Workload Attribution with Sqlcommenter

pg_stat_statements ranks queries by total cost, but ranks them by fingerprint — not by the controller, route, or background job that issued them. A fingerprint that burns 18% of database time is useful; knowing that 14 of those 18 points come from one report-generation cron and the rest from the customer-facing checkout is what actually drives prioritization. Sqlcommenter is the bridge: it prepends a structured comment to every statement, Postgres preserves the comment in pg_stat_statements, and a few lines of SQL roll execution time up to whichever dimension you tagged.

This guide assumes sqlcommenter is already wired into your app — if not, start with Sqlcommenter for Postgres for the ORM-by-ORM setup. What follows is the database-side half: how to write the attribution SQL yourself, how to read the results, and how to decide what to instrument first.

The shape of an attributed row

With sqlcommenter on, every row in pg_stat_statements keeps the leading comment intact. A SELECT from pg_stat_statements looks like this:

SELECT left(query, 120), calls, total_exec_time
FROM pg_stat_statements
ORDER BY total_exec_time DESC
LIMIT 3;

-- /*controller='checkout',action='create',route='/cart/checkout'*/ INSERT INTO orders ...
-- /*controller='reports',action='daily',job='report_cron'*/ SELECT ... FROM orders JOIN ...
-- /*controller='catalog',action='show',route='/product/:id'*/ SELECT ... FROM products WHERE id = $1

Each comment is a comma-separated list of key='url-encoded-value' pairs.
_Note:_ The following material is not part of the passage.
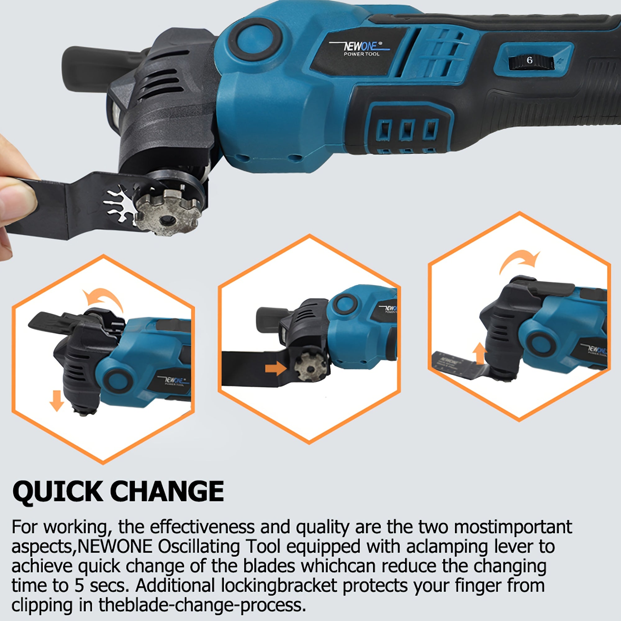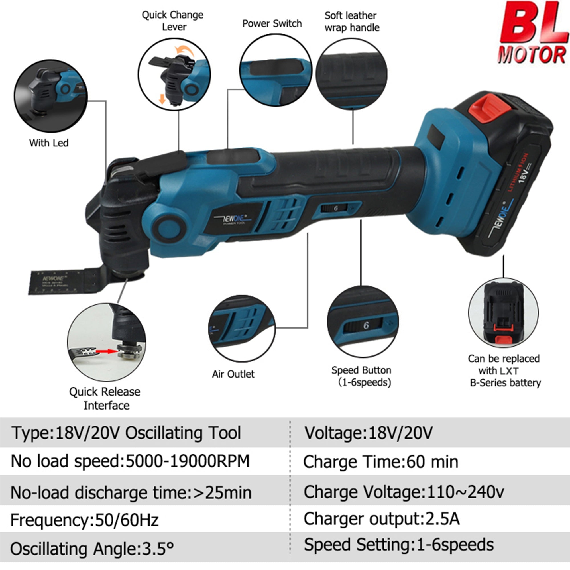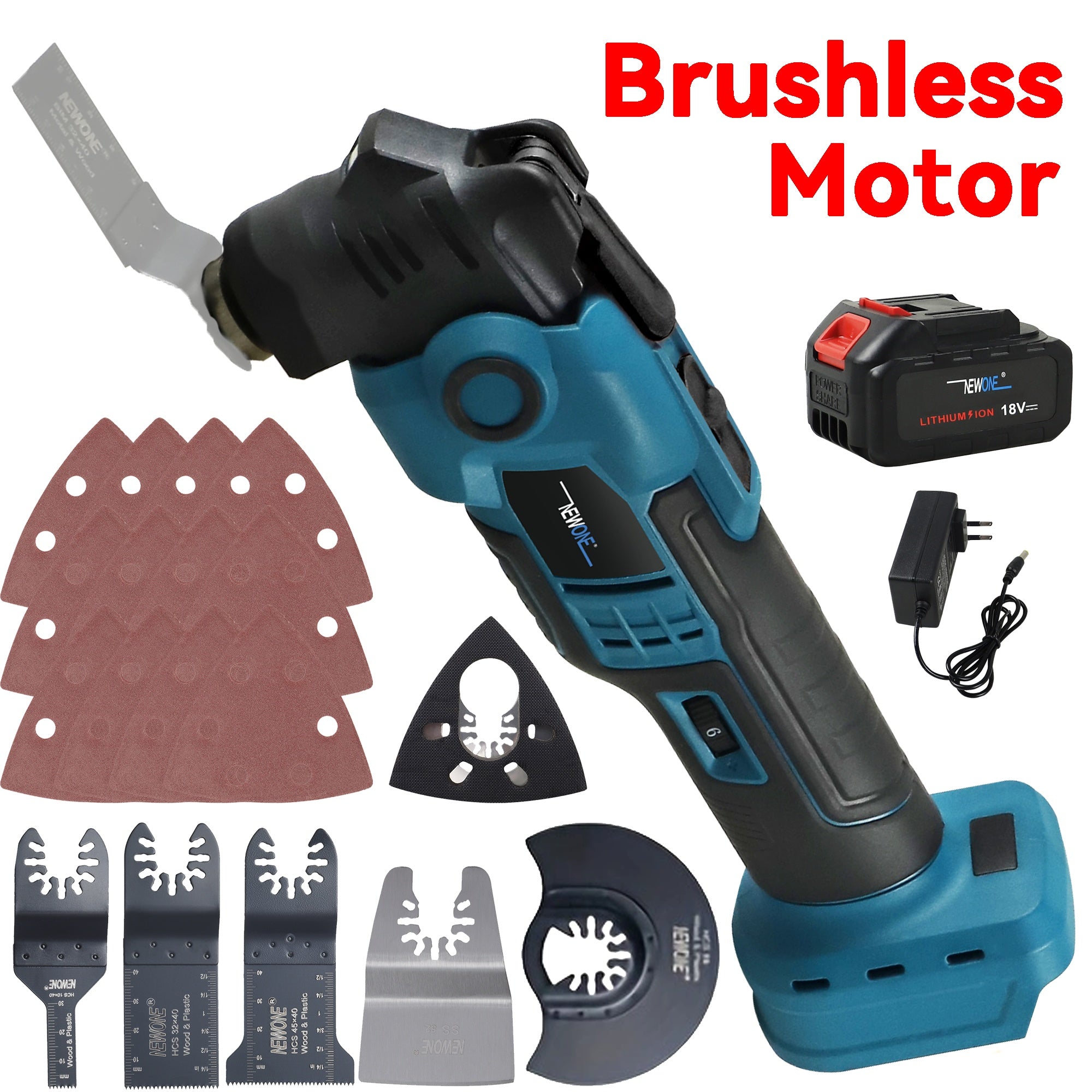 Utensile oscillante a batteria da 18V brushless ANTI-VIBRAZIONE, utensile oscillante a sgancio rapido, regolazione della velocità a 6 velocità, angolo di oscillazione di 3.5 °, adatto per progetti di lavorazione del legno e uso domestico

The same controller/action combo will appear with the same comment across every shape of query it issues, which is what makes the rollup cheap.
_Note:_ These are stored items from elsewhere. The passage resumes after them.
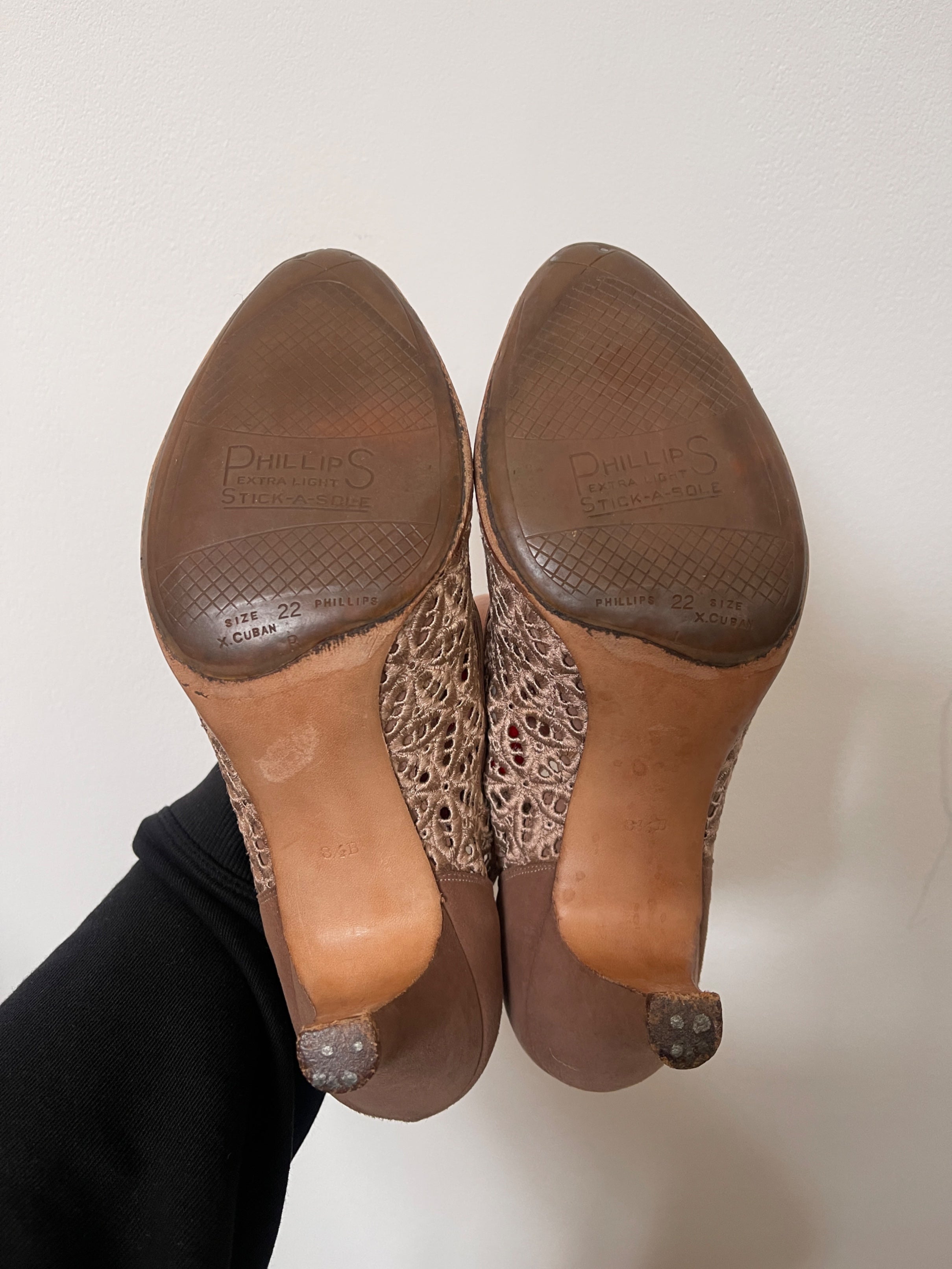 A very finely preserved example of 1930s USA footwear design, these coffee-brown suede shoes have machine embroidered pale creamy brown cutwork detailing that curves gracefully around the sides and front, giving the appearance of lace. The toe features a softly rounded brogue-style cap, while a small frill of matching suede trims the front for a feminine touch. Finished with a 7 cm heel and labelled Marylee Bective in gold script inside. The soles have a Phillips Extra Light Stick-a-Sole added, possibly around the same time, for extra grip and protection.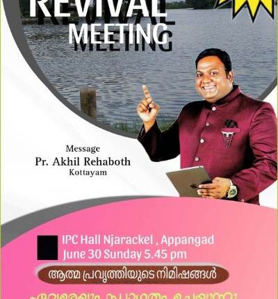 വൈപ്പിൻ : യുണൈറ്റഡ് പെന്തക്കോസ്ത് ഫെലോഷിപ്പിന്റെ ആഭിമുഖ്യത്തിൽ ഞായറാഴ്ച   വൈകിട്ട് ചർച്ച് ഹാളിൽ ഏകദിന റിവൈവൽ മീറ്റിങ്ങും എസ്.എസ്.എൽ.സി, പ്ലസ് ടു പരീക്ഷകളിൽ ഉന്നത വിജയം നേടിയ വിദ്യാർത്ഥികൾക്ക് ക്യാഷ് അവാർഡ് വിതരണവും നടക്കും.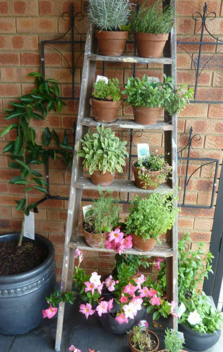 Μια σκάλα διακόσμησης δημιουργεί μπόλικο κάθετο χώρο για να ακουμπήσεις ακόμα περισσότερα φυτά και να φτιάξεις την δική σου πράσινη γωνιά.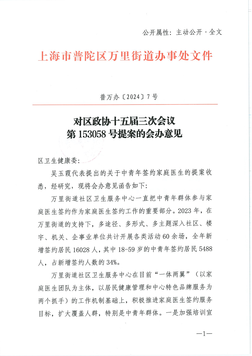 吴玉霞代表提出的关于中青年签约家庭医生的提案收悉,经研究,现将会办意见函告如下: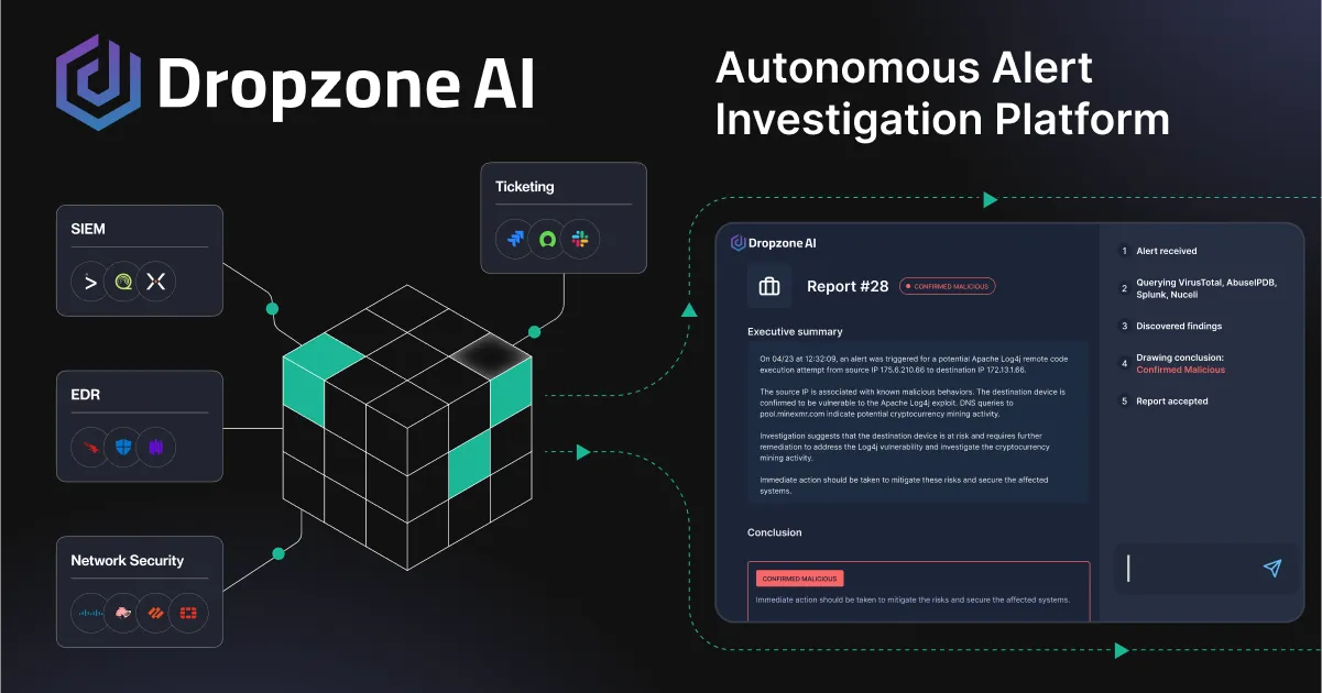 At Dropzone AI, we are building AI agents capable of performing the first level of analytical work in SOCs autonomously. The AI agents mimic expert human analysts’ decision-making process, understand the intricacies of cybersecurity, and adapt to an ever-changing threat landscape to thoroughly and autonomously investigate all alerts. SOCs send their alerts to our system, and for every single alert, Dropzone will autonomously perform an end-to-end investigation (swivel chairing across their existing security stack) and generate an investigation report that details the related context and whether the alert should be treated as a true positive or false positive. These agents work 24/7 and never tire, ensuring no threat goes unnoticed and leaving the human analysts free to focus on the top priorities.

Extracting the call-site key

The minimum useful key is controller + action. Pull them out with a regex:

WITH tagged AS (
  SELECT
    queryid,
    calls,
    total_exec_time,
    rows,
    (regexp_match(query, $$controller='([^']+)'$$))[1] AS controller,
    (regexp_match(query, $$action='([^']+)'$$))[1]     AS action,
    (regexp_match(query, $$route='([^']+)'$$))[1]      AS route
  FROM pg_stat_statements
)
SELECT
  coalesce(controller, '<untagged>') AS controller,
  coalesce(action,     '<untagged>') AS action,
  count(*)                            AS fingerprints,
  sum(calls)                          AS calls,
  round(sum(total_exec_time)::numeric, 1) AS total_ms,
  round(sum(total_exec_time)::numeric / nullif(sum(calls), 0), 2) AS avg_ms
FROM tagged
GROUP BY controller, action
ORDER BY total_ms DESC
LIMIT 25;

The output is your call-site ledger: which controller+action pair owns the most database time, how many distinct query fingerprints it spans, and how much each invocation costs on average. A high fingerprints count for one controller usually means dynamic query building (an ORM stitching joins together by argument shape) — those call-sites are the most fragile under schema change.
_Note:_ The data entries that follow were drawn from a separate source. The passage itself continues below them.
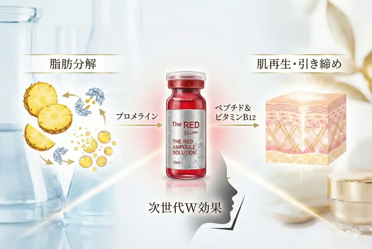 1. 脂肪分解のスピードスター「ブロメライン」 パイナップル由来の天然酵素ブロメラインが、脂肪細胞を柔らかくし、老廃物としての排出を強力に促進。植物由来成分のため、腫れや痛みのリスクを極限まで抑えています。 2. たるませないための「ペプチド&ビタミンB12」 脂肪が減った後の皮膚のたるみを防ぐため、肌の弾力を支える機能性ペプチドと、代謝を促すビタミンB12(製剤の赤色の正体)を配合。 「中身(脂肪)はスッキリ、外側(皮膚)はピンと張る」という理想的な仕上がりを1本で目指します。 |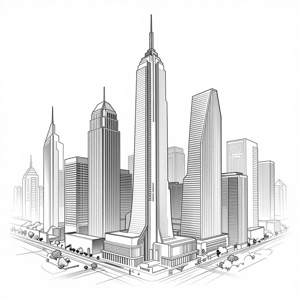 AI line art depicting a futuristic cityscape with clean, intricate black and white lines, sharp angles, and subtle shading, highlighting the fusion of technology and art in a minimalist style on a white background.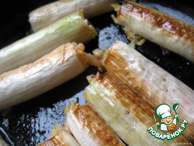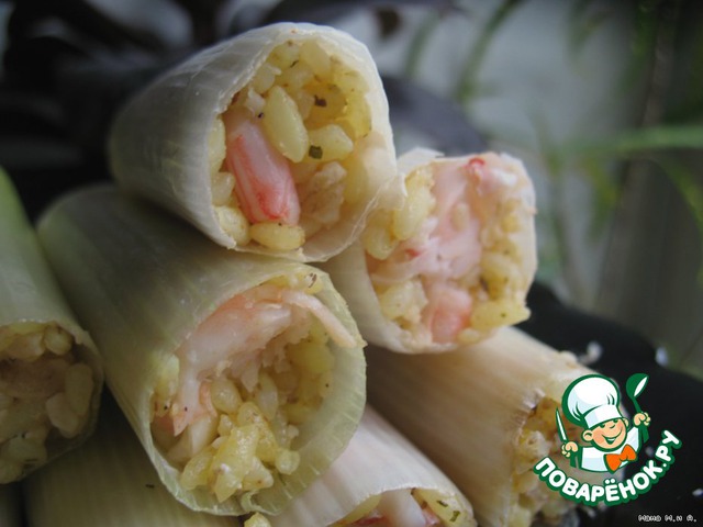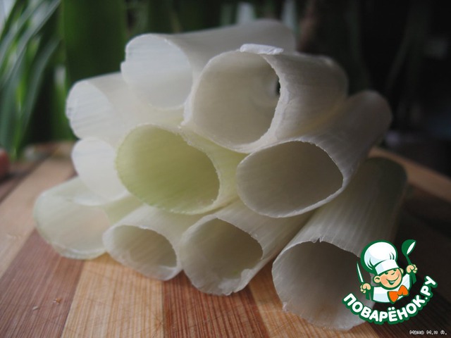 Белую часть порея порубить трубками длиной 7-8 см, разделить на отдельные трубочки, выбрать самые крупные. Тщательно обсушить.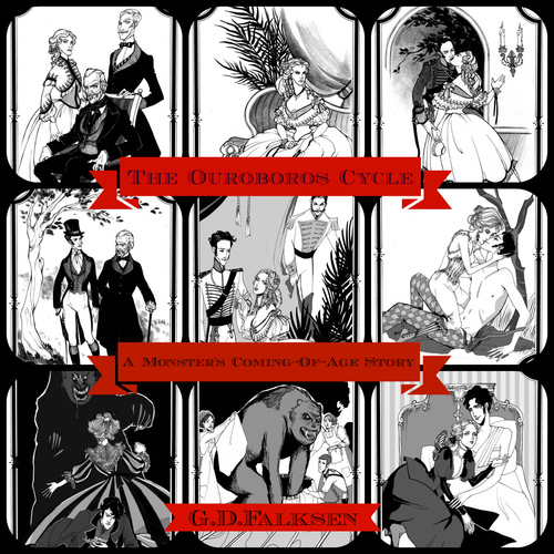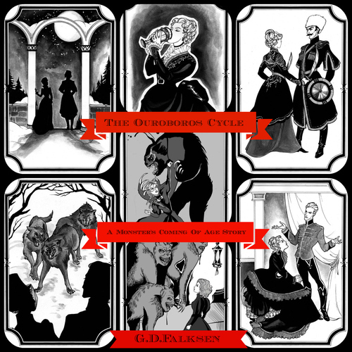 The Ouroboros Cycle, Book 1: A Monster’s Coming of Age Story is my latest book out. Here is some of the wonderful art in its pages shown in the collages above. It can be picked up in print and ebook at Wildside ,Amazon , Barnes & Nobel and Kobo as well as where ever else books are sold.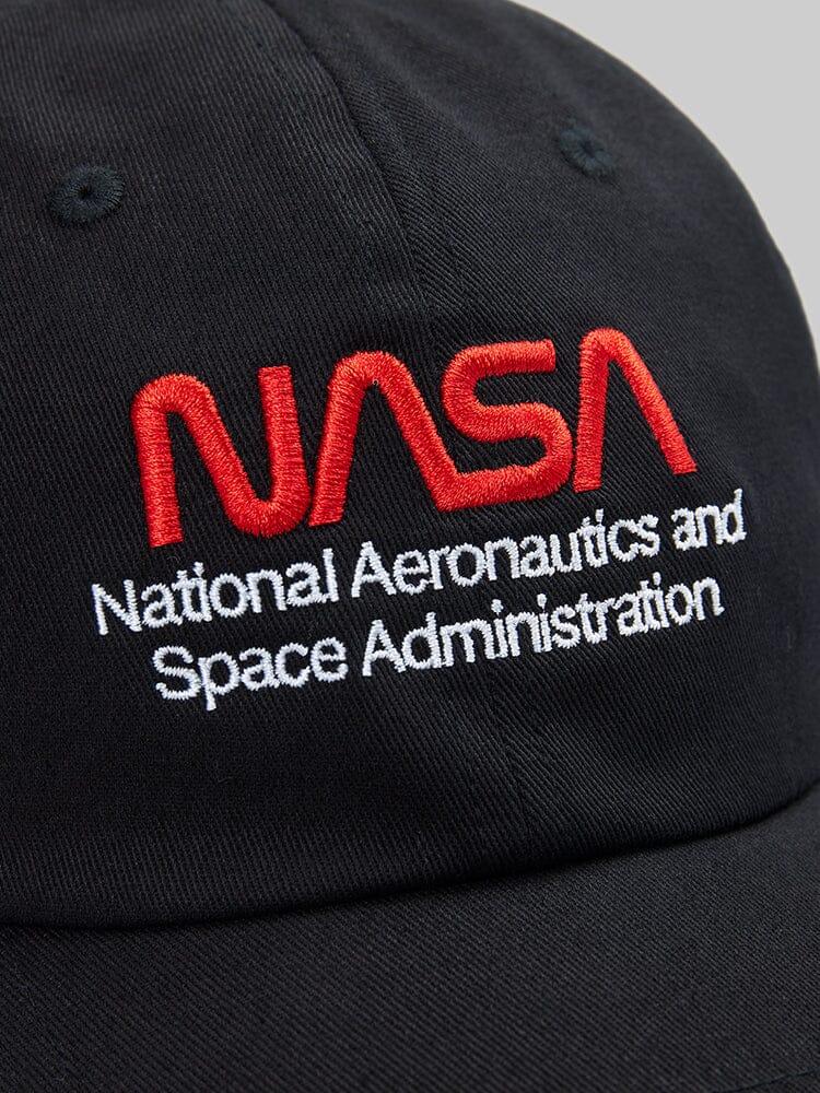 This comfortable hat commemorates NASA with themed embroidery. It features an adjustable strap with a metal clasp to maximize comfort. This classic red logo, so-called because of its worm-like letter styling, was used by NASA from 1975 to 1992.

The unattributed share is a number, not a footnote

Untagged rows fall into the <untagged> bucket. The fraction of total execution time in that bucket is the single most important number on the rollup:

WITH tagged AS (
  SELECT
    total_exec_time,
    (regexp_match(query, $$controller='([^']+)'$$))[1] AS controller
  FROM pg_stat_statements
),
totals AS (
  SELECT
    sum(total_exec_time) FILTER (WHERE controller IS NOT NULL) AS attributed_ms,
    sum(total_exec_time) FILTER (WHERE controller IS NULL)     AS unattributed_ms,
    sum(total_exec_time)                                       AS total_ms
  FROM tagged
)
SELECT
  round(100.0 * unattributed_ms / nullif(total_ms, 0), 1) AS pct_unattributed,
  unattributed_ms,
  attributed_ms,
  total_ms
FROM totals;

Interpretation:

  • Under 5%: legitimately background — vacuum, autoanalyze, replication-slot queries, internal pg_catalog traffic. Leave it alone.
  • 5–25%: some service in the fleet has not enabled sqlcommenter. Likely candidates: a Sidekiq queue, a Lambda, an admin Rails console, a Go service that hasn't had the comment-injection middleware merged. Hunt by client_addr in pg_stat_activity.
  • Above 25%: attribution data is misleading. Any prioritization off the rollup is going to over-blame whichever services are tagged, because untagged ones are invisible. Fix coverage first.

Choosing what to tag

The default sqlcommenter packages emit controller, action, route, and framework. Most teams should add a couple more keys for the dimensions they care about:

  • job — for background work (Sidekiq, Celery, RQ). Without this, every cron looks like a long-running anonymous transaction.
  • service — for shops with more than one app on the same database (a checkout monolith plus a reporting service plus an admin tool). Lets you slice by app before rolling up to controller.
  • tenant_class — coarse buckets like free, paid, enterprise. Never the tenant ID itself — that explodes cardinality and leaks data into the slow-query log.
  • db_driver — emitted by sqlcommenter by default. Useful for spotting old driver versions still in the fleet (Django 3.2 vs 5.x).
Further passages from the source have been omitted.